Regarding this point, it has been discussed in the previous RFC:
https://inbox.dpdk.org/dev/47f907cf-3933-1de9-9c45-6734b912eccd@huawei.com/

According to the TX_OFFLOAD status of the current device, PMDs can determine
whether tx_prepare is currently needed. If it is not needed, set pkt_tx_prepare
to NULL, so that the actual tx_prepare processing will be skipped directly in
rte_eth_tx_prepare().

> 
>>  			num_tx_slave = rte_eth_tx_burst(slaves[i], bd_tx_q->queue_id,
>> -					slave_bufs[i], slave_nb_pkts[i]);
>> +					slave_bufs[i], nb_prep_pkts);
> 
> In fact it is a problem here and really big problems.
> Tx prepare may fail and return less packets. Tx prepare
> of some packet may always fail. If application tries to
> send packets in a loop until success, it will be a
> forever loop here.

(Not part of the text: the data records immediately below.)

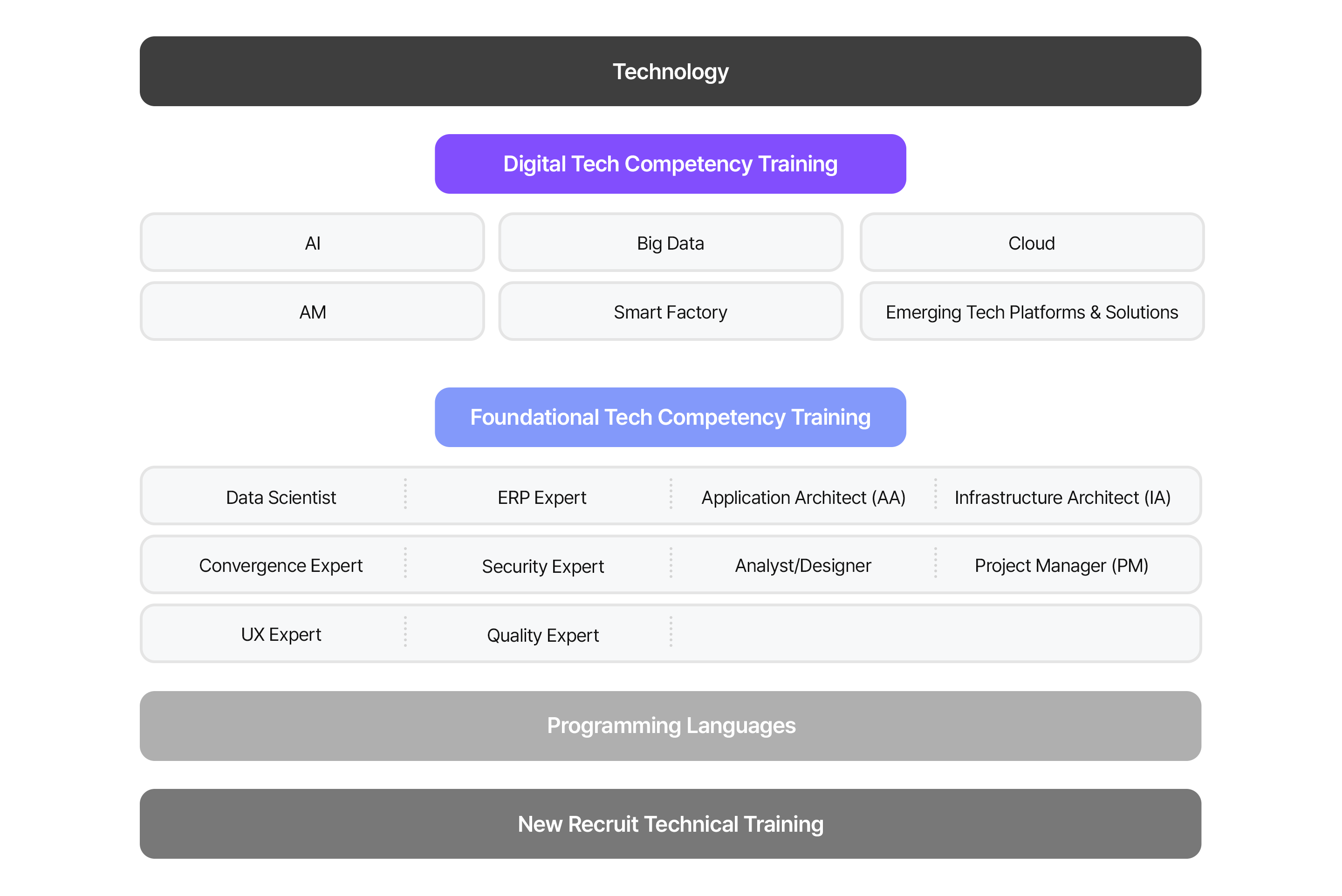• Accurately certify technical talent, establish a system where experts help other experts grow, and support the expansion of the training business through differentiated training/certification services for external clients.
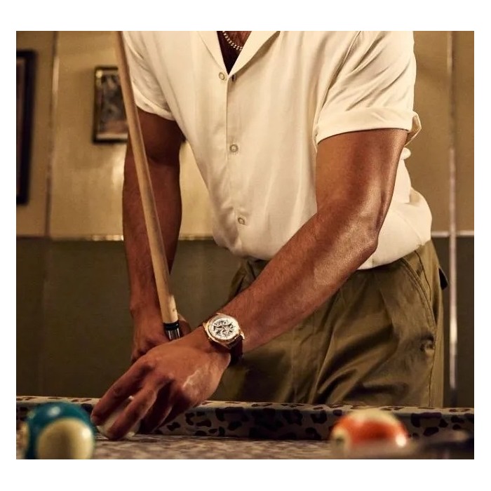 - -TARCZA: Typ skeleton z widocznym mechanizmem i indeksami w kolorze różowego złota;
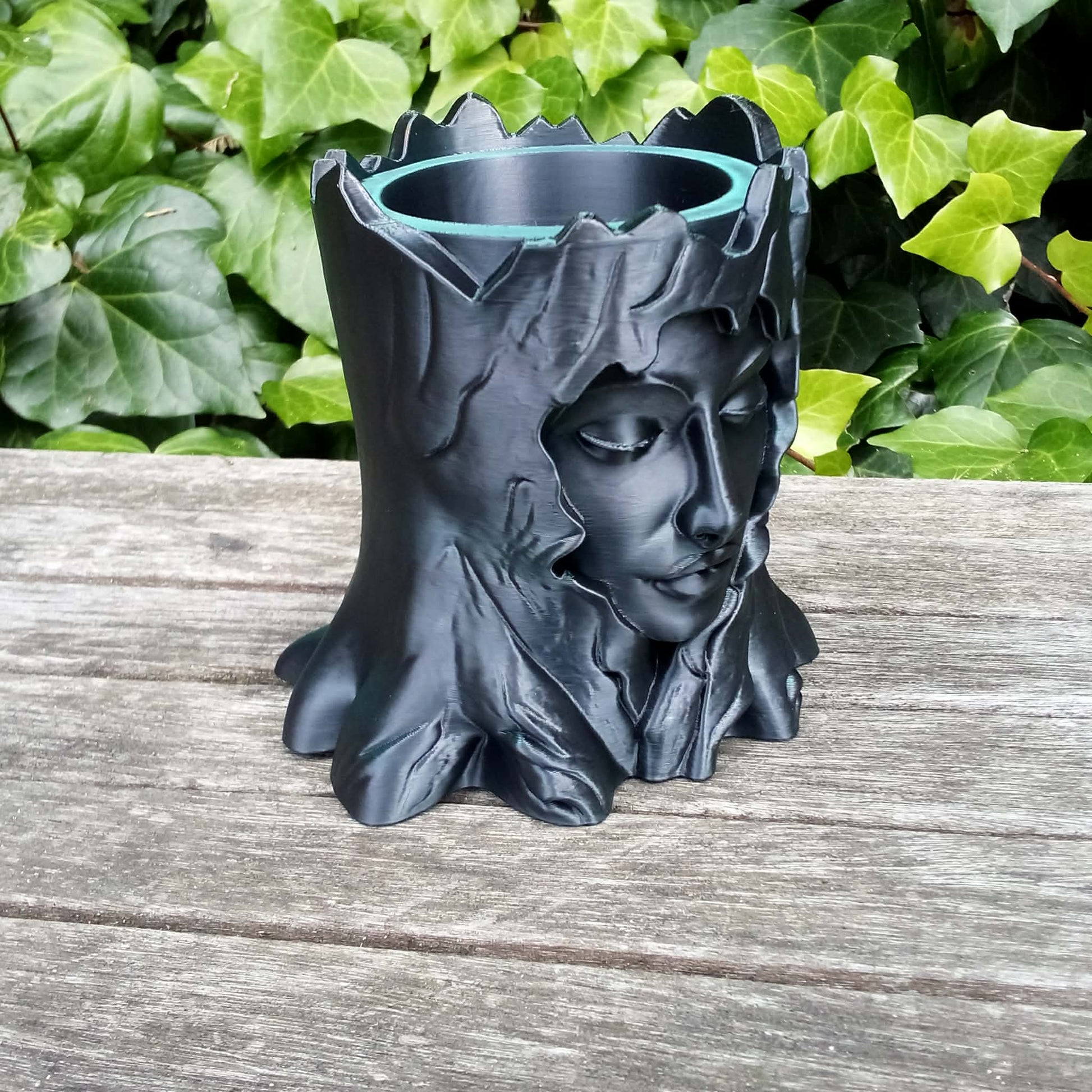 Elevate your greenery with Emerging Beauty, a masterpiece of modern 3D sculpture. This stunning plant pot features a woman's face blossoming from a tree trunk. It's a symbol of personal growth, feminine power and our bond with nature.
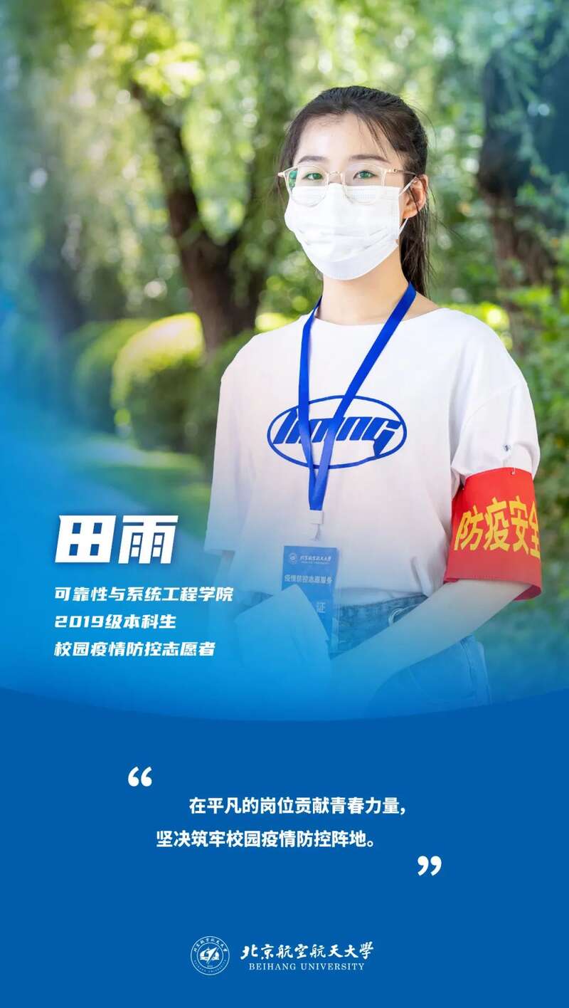 田雨作为学生志愿者,在校园疫情防控工作中冲在第一线。“有需要就行动”,是她、是志愿者们铿锵有力的承诺。自疫情防控形势严峻以来,田雨累计上岗20余天。她用一点一滴的汗水助力校园疫情防控,用志愿服务的实际行动践行青年担当。
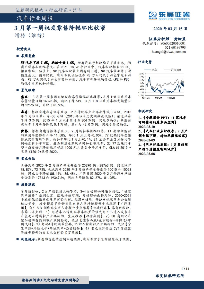 汽车行业周报:3月第一周批发零售降幅环比收窄
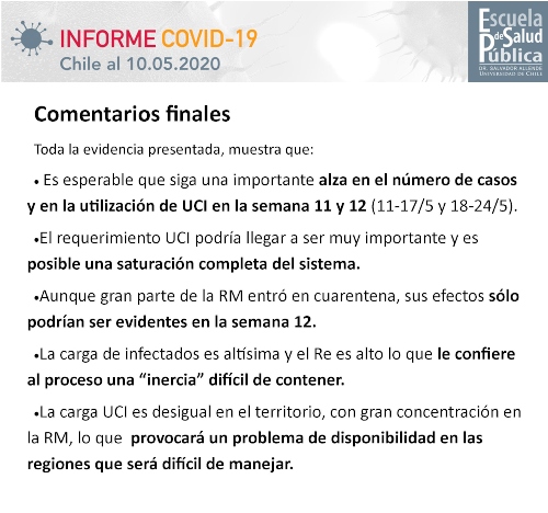 En el contexto de la pandemia por coronavirus (COVID-19), el profesor Mauricio Canals desde el inicio de la epidemia en Chile ha aportado información respecto proyecciones de la curva y demanda esperada en la atención de salud. Los reportes - inicialmente de circulación interna - han permitido seguir cercanamente el desarrollo de la epidemia en Chile y disponer de información relevante para su evaluación. Al reporte inicial, se han incorporado análisis propuestos por otros académicos y académicas de la Escuela y se ha complementado con datos a nivel regional.
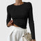 Esta camiseta de manga larga para mujer es una prenda básica con un toque de elegancia moderna. Su diseño entallado realza la silueta, mientras que sus costuras decorativas aportan un estilo sutil y contemporáneo.
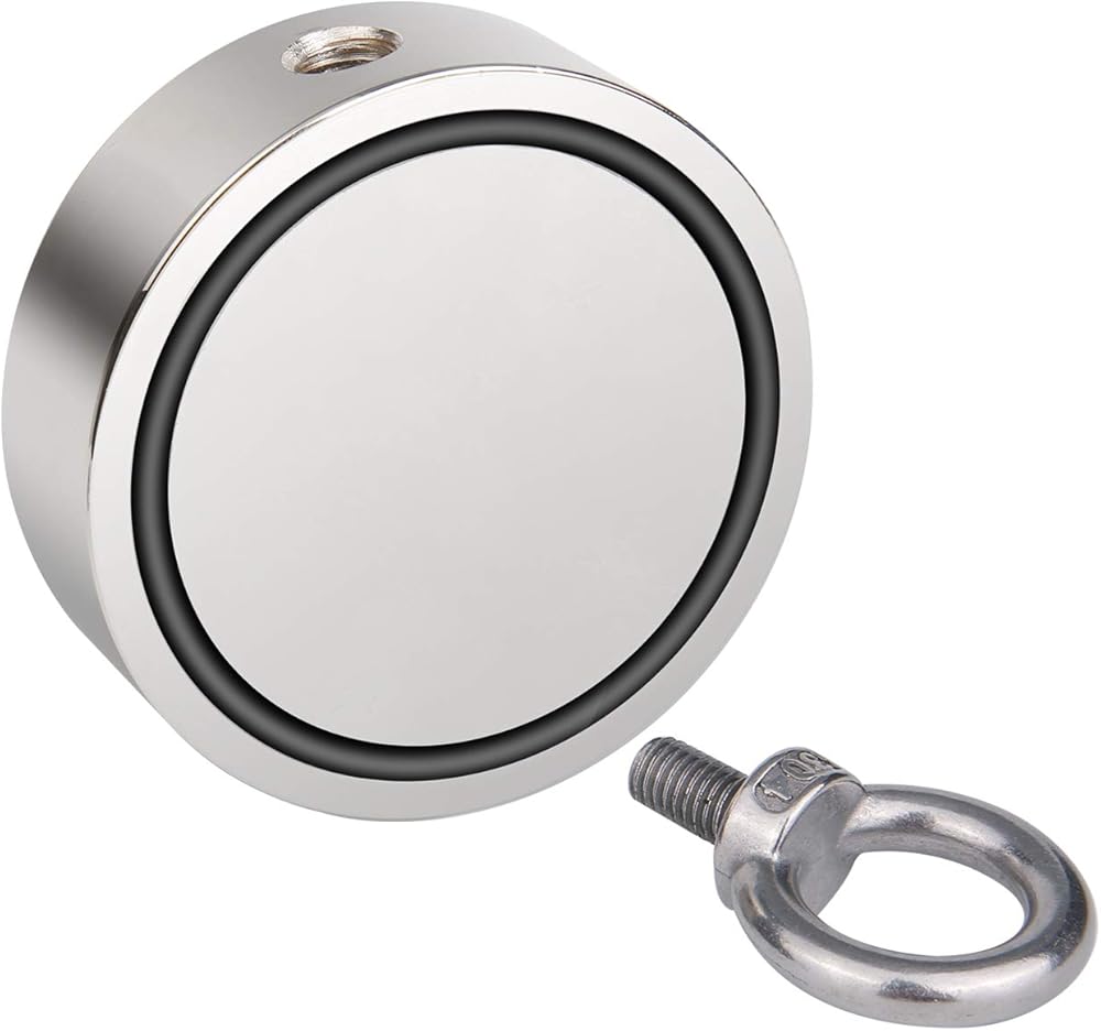 مغناطيس الصيد مغناطيس النيوديميوم مزدوج الجوانب مع مسمار ذو عين، قوة سحب مجتمعة 960 رطل مغناطيس قوي للغاية للصيد المغناطيسي، صيد الكنز تحت الماء - قطر 2.95 بوصة (75 مم)

Since application calls Tx burst,
> it is 100% legal behaviour of the function to return 0
> if Tx ring is full. It is not an error indication.
> However, in the case of Tx prepare it is an error
> indication.
> 
> Should we change Tx burst description and enforce callers
> to check for rte_errno? It sounds like a major change...
> 

I agree that if the failure is caused by Tx ring full, it is a legal behaviour.
But what about the failure caused by other reasons? At present, it is possible
for some PMDs to fail during tx_burst due to other reasons. In this case,
repeated tries to send will also fail.

I'm not sure if all PMDs need to support the behavior of sending packets in a
loop until it succeeds. If not, I think the current problem can be reminded to
the user by adding a description to the bonding. If it is necessary, I think the
description of tx_burst should also add related instructions, so that the developers
of PMDs can better understand how tx_burst should be designed, such as putting all
hardware-related constraint checks into tx_prepare. And another prerequisite for
the above behavior is that the packets must be prepared (i.e. checked by
rte_eth_tx_prepare()). Otherwise, it may also fail to send. This means that we have
to use rte_eth_tx_prepare() in more scenarios.

What's Ferruh's opinion on this?

> [snip]
> 
> .
>